I've read that tapered ball-end bass strings offer brighter, more piano-like tone. So...

1. I noticed D'addario doesn't make .125 tapered for "super long scale." The thinnest gauge they make for low-B in "super long scale" with tapered ball end is .130. So would .125 tapered be too floppy on a 35" scale? (Their "long scale" strings come up a bit short on my 35" bass with strings thru the body.)

I also hear that feeding strings through the body offers tighter feel and brighter tone than feeding them through the rear of the bridge. So...

2. Which would be brightest? Tapered and secured at the rear of the bridge, tapered and fed through the body (which means the taper would be a little thicker passing over the saddle, if it's even still tapered by then), or non-tapered and fed through the body?

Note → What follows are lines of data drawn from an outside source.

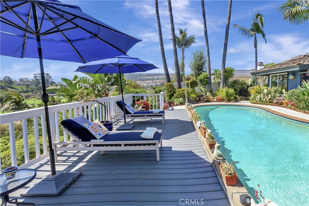 A rare opportunity to acquire a single-level golf course view home on an expansive 12,000 sq. ft. lot in one of Laguna Niguel’s most desirable neighborhoods. This 3-bedroom, 2.5-bath residence offers approximately 2,164 sq. ft. of living space and showcases panoramic views of the private El Niguel Golf Course—a setting that continues to drive significant redevelopment and long-term value along this highly sought-after street. From the moment you arrive, a charming enclosed courtyard and double-door entry create a welcoming introduction. Inside, oversized tile flooring leads into a spacious living room and adjoining dining area, both oriented toward the rear of the home where expansive golf course views take center stage. The backyard is designed for both relaxation and entertaining, featuring a pool and spa, generous patio space, and an elevated view deck—all positioned to capture the full breadth of the surrounding landscape. The home has been thoughtfully updated over time, including enhanced kitchen finishes, custom cabinetry, and a professional-grade gas range and oven. The spacious primary suite offers an upgraded bath with an oversized soaking tub and direct access to the outdoor living areas. Two additional bedrooms are generously sized, while the secondary bathroom has been remodeled with custom tile, updated counters, and an oversized shower. Originally configured as a 3-car garage, the current layout includes a permitted conversion creating a 2-car garage plus integrated office space, offering flexibility for today’s lifestyle needs while retaining the option to revert if desired. Located within the Vista Niguel community, just minutes from world-class resorts including the Ritz-Carlton, Waldorf Astoria, and Montage Laguna Beach, as well as renowned beaches such as Salt Creek and Laguna Beach. With no HOA dues or Mello-Roos, and surrounded by homes that have undergone extensive renovation or new construction—some reaching into the multi-million dollar range—this property presents a compelling opportunity to renovate, reimagine, or build new in a proven luxury corridor. One of the few remaining original homes with this combination of lot size, view, and location—this is where vision meets opportunity.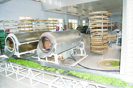 尽管炎炎夏日,但日照大部分茶厂还在进行夏茶的加工。图为日照碧波茶业公司的现代化加工厂。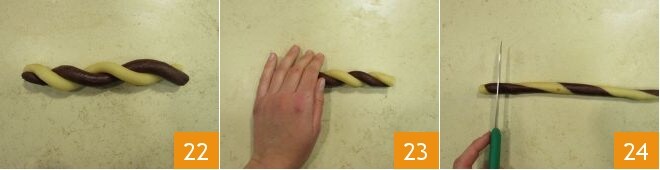 et sans presser, complétez le boudin torsadé 22; placez les boudins bicolores sur un plateau et remettez-les toujours au frigo pour encore 10 minutes. Ce passage permet aussi de rendre les boudins plus maniables. Après le temps de repos, reprenez les boudins bicolores et allongez les extrémités du boudin en travaillant avec vos mains pour intégrer ensemble la pâte blanche et celle au cacao 23. Le boudin doit faire environ 1,5 cm de diamètre, coupez les extrémités avec un couteau 24.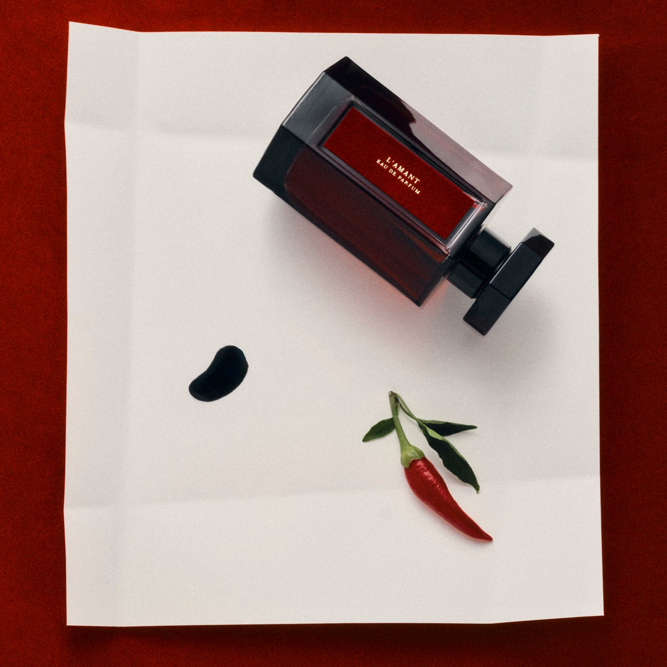 最初に立ち上るのは、灼けつくような赤い色をしたピメントリーフのシャープな辛み。それは一瞬にし て燃え上がる恋の火花のよう。ミネラリーなレザーアコードはインクのような深みで肌に欲望の刻印を残す。そしてこの2つの香りをつなぐパチョリは、告白と秘密の間に横たわる隙間を暗闇が白い光を浸食するように一つにしていく。やがて影の中からシプリオール、サンダルウッド、ヴェチバーが姿を現し、親密さを込めてそっと肌を包み込む。その香りの抱擁は、禁忌めいた余韻を静かに引き延ばし、心をとらえて離さないのです。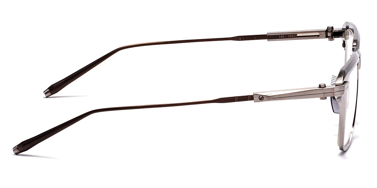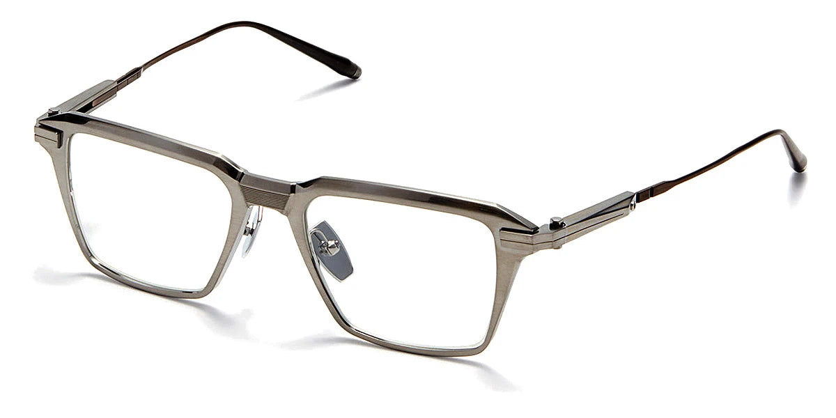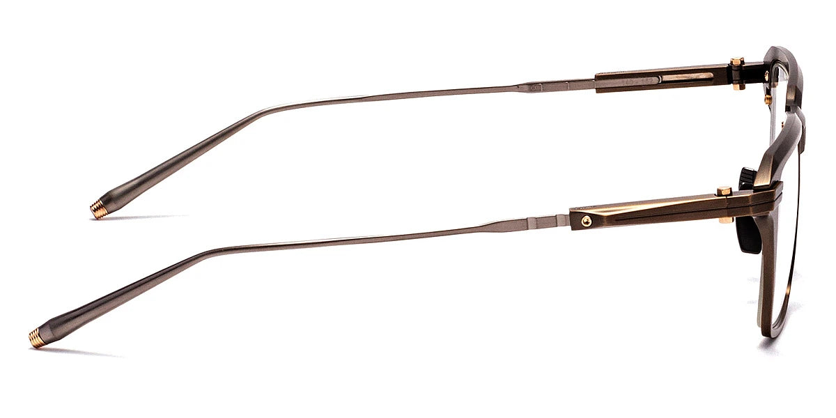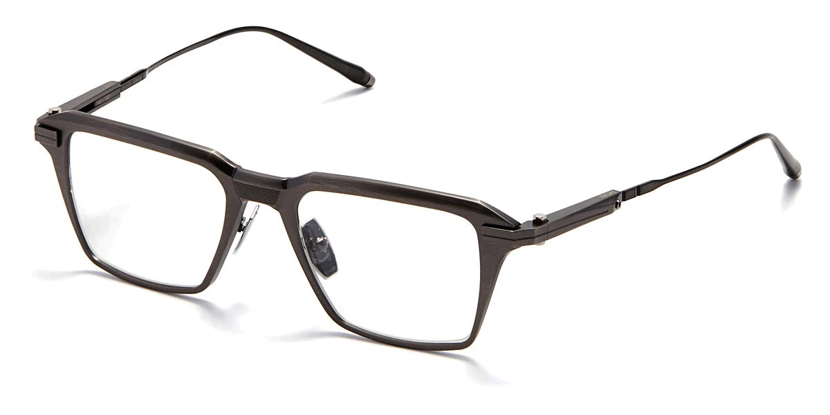 Antiqued White Gold/Black Palladium (502A) Eyeglasses (AKX-502A-50) by Akoni™. Size: 50-20-152, Shape: Rectangle, Material: Titanium.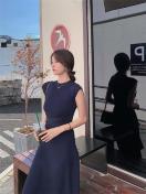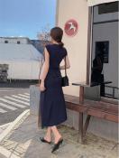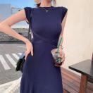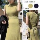 2020夏 新作 ロングセクション 無地 ニット ワンピース レディース ウエスト 気質 ボトミングスカート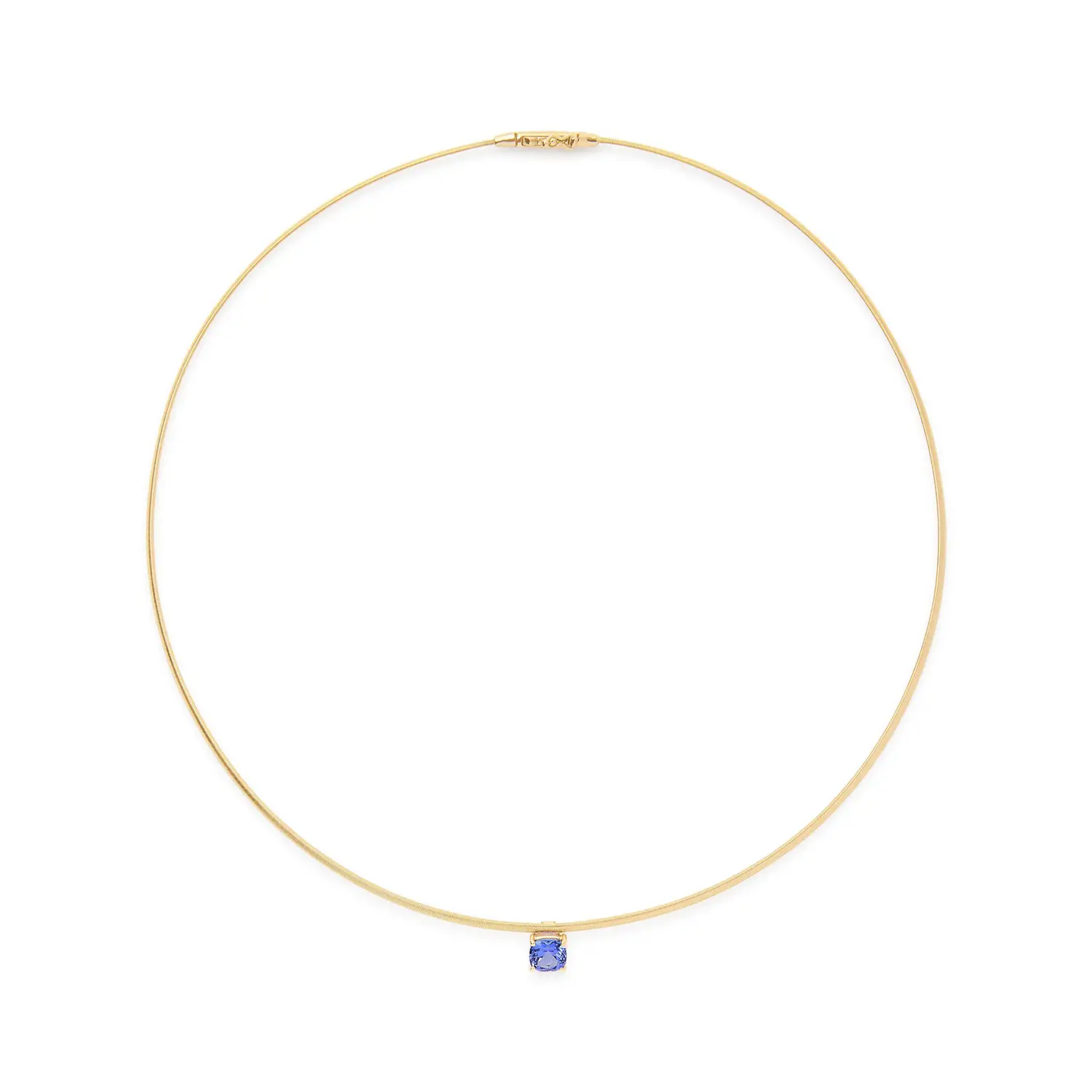 The central element of the necklace is a natural tanzanite, whose distinctive blue-violet color gives the piece a sophisticated and elegant appearance. The gemstone is set in a delicate gold setting and complemented by a slim gold necklace with a smooth and elegant profile, allowing the gemstone to stand out beautifully.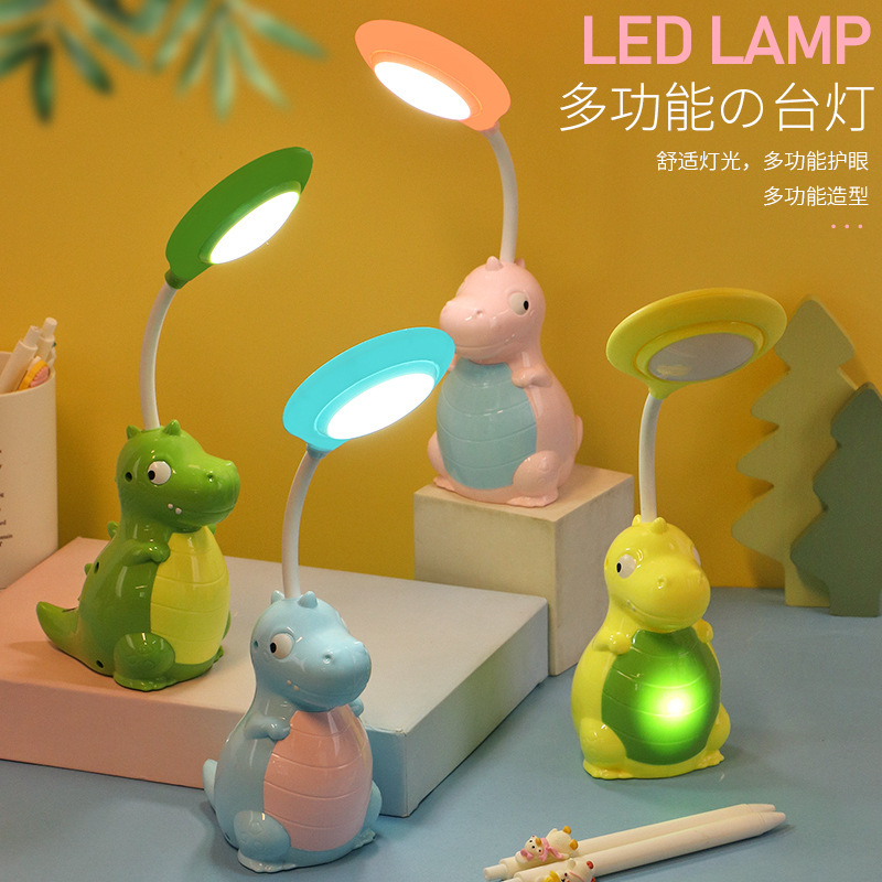 Lampu Meja LED Dinosaurus Lucu Kartun Model Baru Lampu Malam USB Pelindung Mata Belajar Kepala Tempat Tidur Anak-anak Meja Hadiah Siswa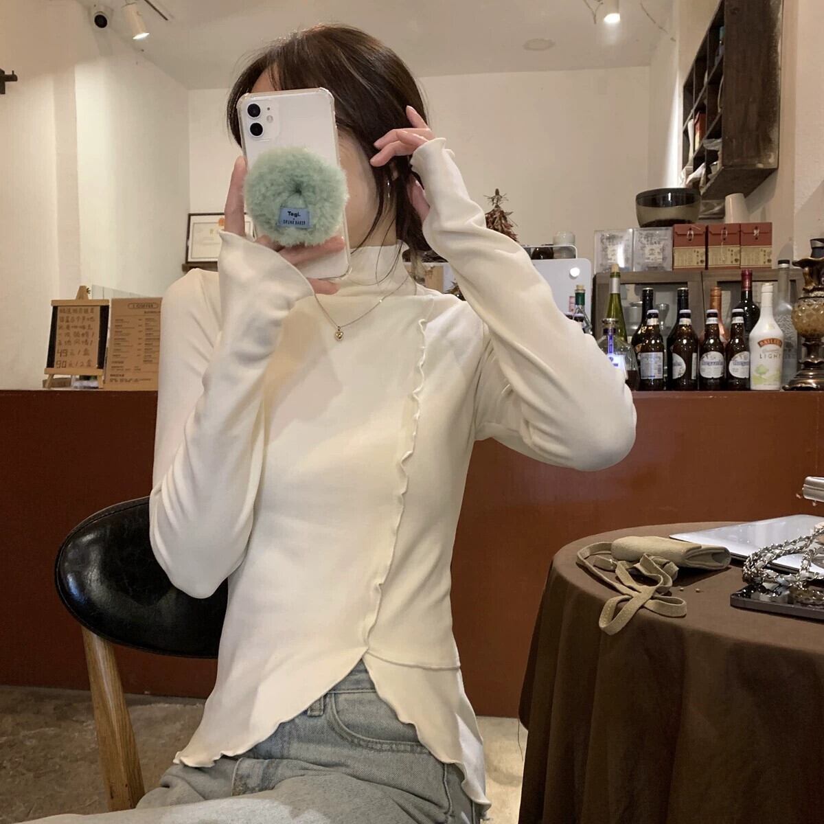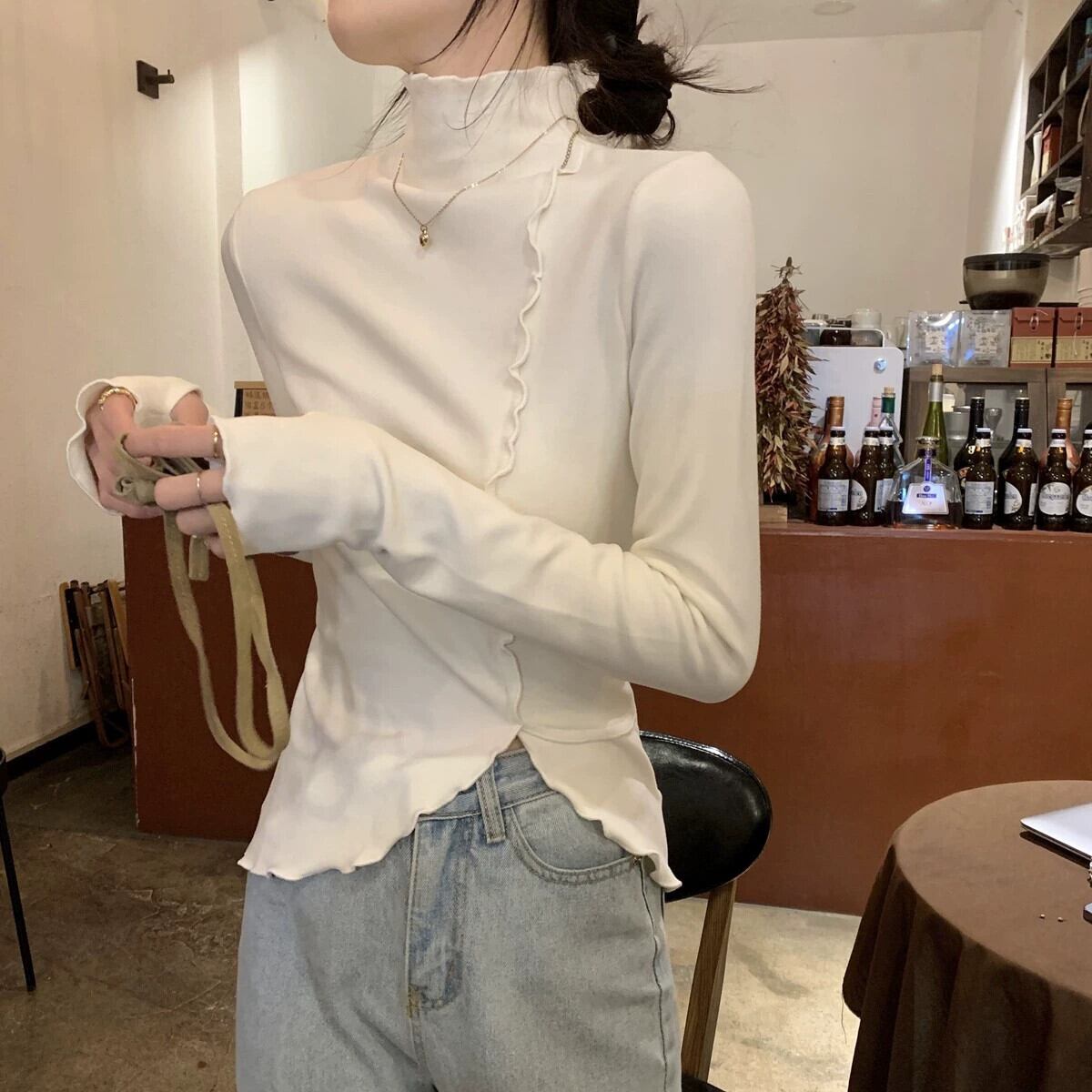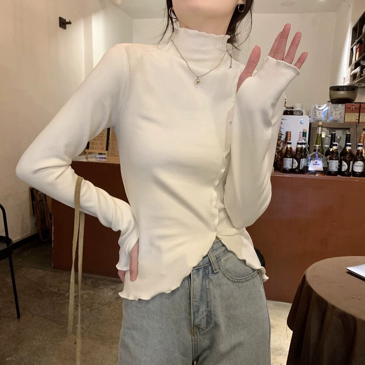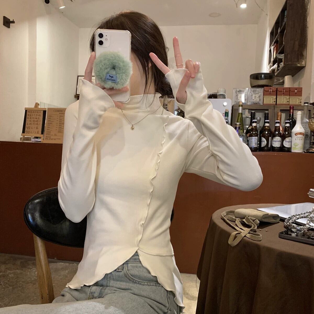 女性の秋と冬のファッショナブルな、スリムで不規則な長袖 T シャツ、内側にドイツ製ベルベットの耳裾ハイカラー ボトム シャツが付いています。 ロング オータム 秋物 ウィンター 冬物 Tシャツ 7460010255416191 | framboise21

*UPDATE*: Spoke to Bob at Labella. Ordered a set of Super Steps. He said if they're not long enough I can send them to him and he'll take care of it. I was originally looking at Rotosound "Piano Design" strings, but they told me they'd be too short for 35" scale, and they wouldn't make 'em longer. The Labella Super Steps look like the same concept, and they're willing to work with me to get it right.  He also told me that running the strings through the body is really only somewhat necessary with piezo saddles which can require more pressure to sound best. Otherwise it's more aesthetic than functional.


----------



## josh pelican (Feb 12, 2010)

LaBella are amazing strings. I have a set of Deep Talkin' bass strings on a bass right now and I love them. Definitely give them a whirl.


----------



## MTech (Feb 12, 2010)

The tapered end actually gives you better intonation and bass response and that's why LaBella comes normally with a tapered bottom when you get a 128+. Beneath The Massacre uses Super Steps to record their albums, and the regular HRS Live.
Also I know the way that they come wrapped normally works just fine on the 35in scale Ibanez BTB.....


----------